The hydrogen storage alloy ingot (M ₁ ) was
In a rotary ball mill (made of alumina, inner volume: 1 liter) containing 2 kg of inch-sized alumina balls, the average particle size is 500 μm with the inside being an inert gas atmosphere.
The dry pulverization was carried out to the following. The end of this ground to the hydrogen storage alloy powder M _2. Then, an appropriate amount sodium borohydride 1% of M ₂ powder, an aqueous solution containing 30% potassium hydroxide (hereinafter, referred to such aqueous treatment solution) were placed and the same ball mill, the alloy Average particle size is 1
Ball mill wet pulverization was performed at room temperature until the particle size became 50 μm or less.

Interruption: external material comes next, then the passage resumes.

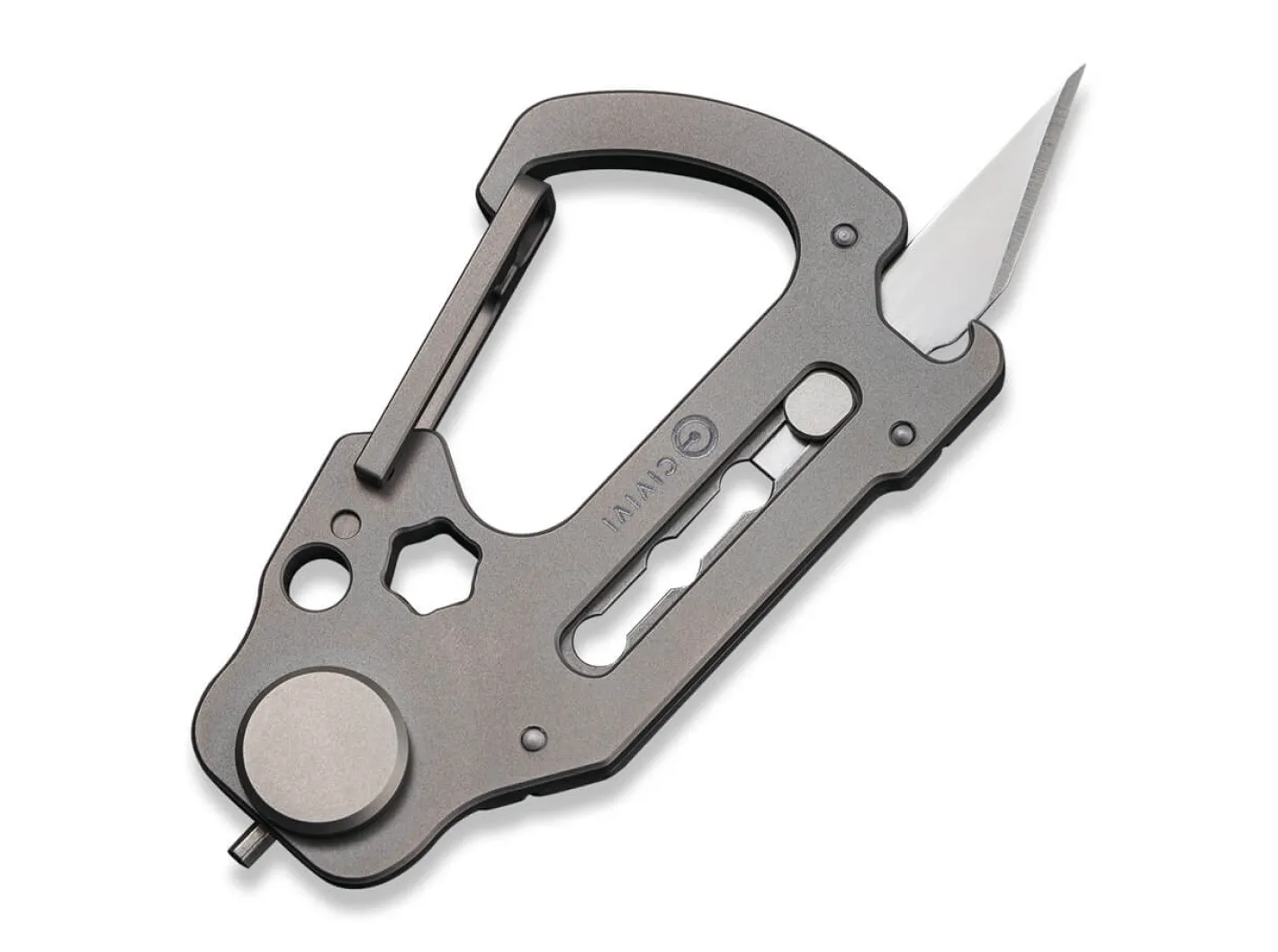 Hier ist der Name Programm. Das vielseitige und kompakte Multitiool hat viele Gesichter und präsentiert sich als praktischer Helfer im Alltag. Seine Konstruktion aus grauem Titan enthält einen Karabiner sowie eine herausschiebbare Klinge aus 9Cr18MoV. Das kleine Rad im hinteren Bereich ist u.a. mit Inbus und Torx ausgestattet. Lieferung mit 3 Klingen.

After the ball mill wet pulverization, the pulverized powder removed from the ball mill was washed with ion-exchanged water and dried at 40 ° C. under vacuum to obtain a pulverized reduction-treated hydrogen storage alloy powder. This alloy powder is hereinafter referred to as a pulverized reduction alloy (a ₁ ). The operation conditions of the ball mill were as follows: pot rotation speed: 110 rpm, operation duration: about 4 hours.
The particle size of the alloy powder was determined by a JIS sieve. However, the operating conditions are not strictly defined, and may be set appropriately so that the average particle size of the alloy is 150 μm or less. (Preparation of Hydrogen Storage Alloy Electrode)
_{In 1} ), a polytetrafluoroethylene powder as a binder was added in an amount of 5% by weight based on the weight of the active material and kneaded to prepare a paste. This paste was applied to both sides of a current collector made of a punching metal, and then pressed to produce a hydrogen storage alloy electrode (A ₁ ) according to the present invention. [Example 2] (Pulverization reduction treatment of hydrogen storage alloy) The hydrogen storage alloy ingot (M ₁ ) used in Example 1 was annealed in an inert gas at 1000 ° C for 8 hours, and hydrogen storage after annealing was performed. An alloy ingot (M ₃ ) was produced. The non-uniform strain of the annealed hydrogen storage alloy ingot (M ₃ ) was 2.5 × 10 ⁻³ .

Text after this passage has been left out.